__WHAT IS NEEDED__. Write out exactly the lines from the one holding "۱۱- دریاچه کهر" to the last line of the entries, both ends included and nothing else, without the pictures.

__PROVIDED DATA__.
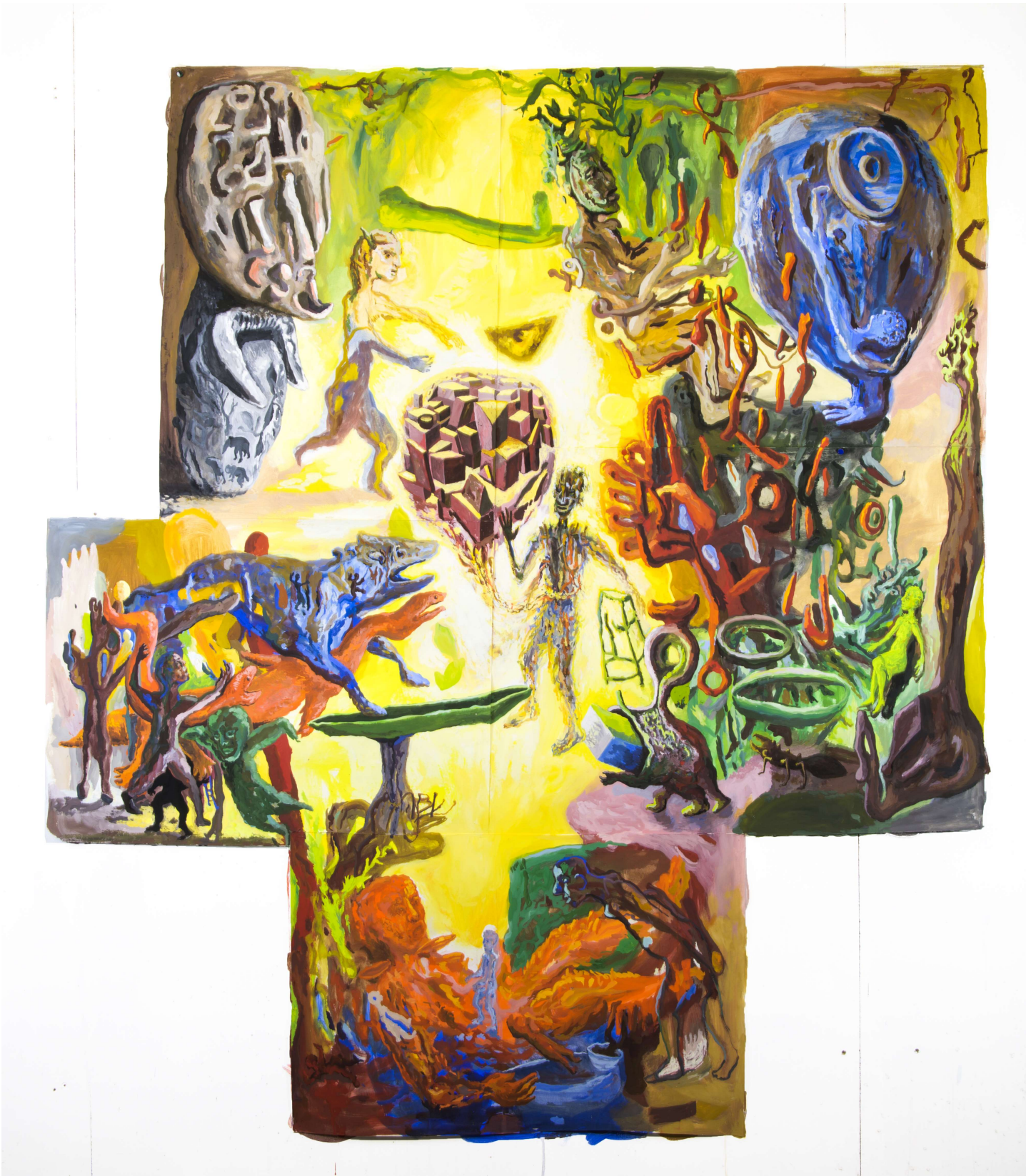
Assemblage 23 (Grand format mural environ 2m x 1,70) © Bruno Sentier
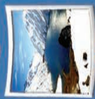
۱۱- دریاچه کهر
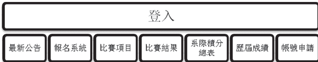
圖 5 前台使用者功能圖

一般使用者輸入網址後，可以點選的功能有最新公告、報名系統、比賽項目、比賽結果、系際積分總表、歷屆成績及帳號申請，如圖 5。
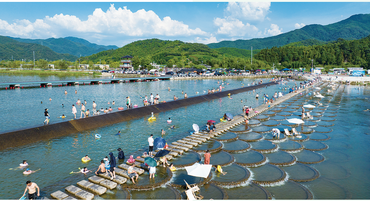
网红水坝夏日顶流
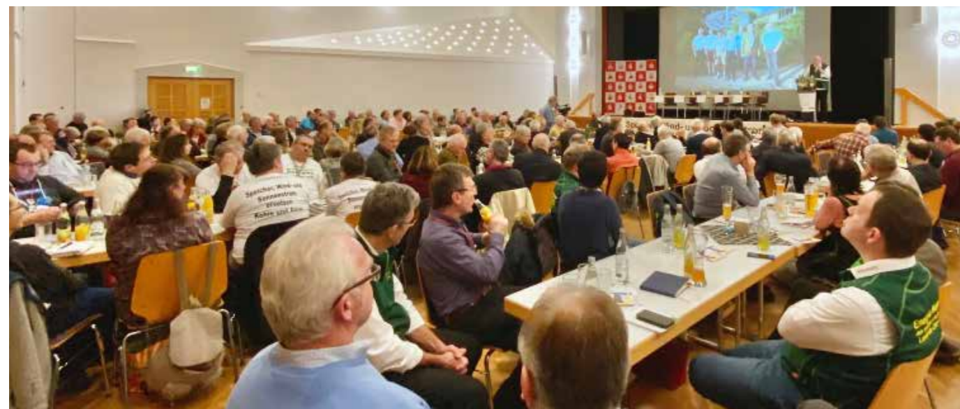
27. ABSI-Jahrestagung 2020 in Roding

__RESPONSE__.
۱۱- دریاچه کهر
圖 5 前台使用者功能圖

一般使用者輸入網址後，可以點選的功能有最新公告、報名系統、比賽項目、比賽結果、系際積分總表、歷屆成績及帳號申請，如圖 5。
网红水坝夏日顶流
27. ABSI-Jahrestagung 2020 in Roding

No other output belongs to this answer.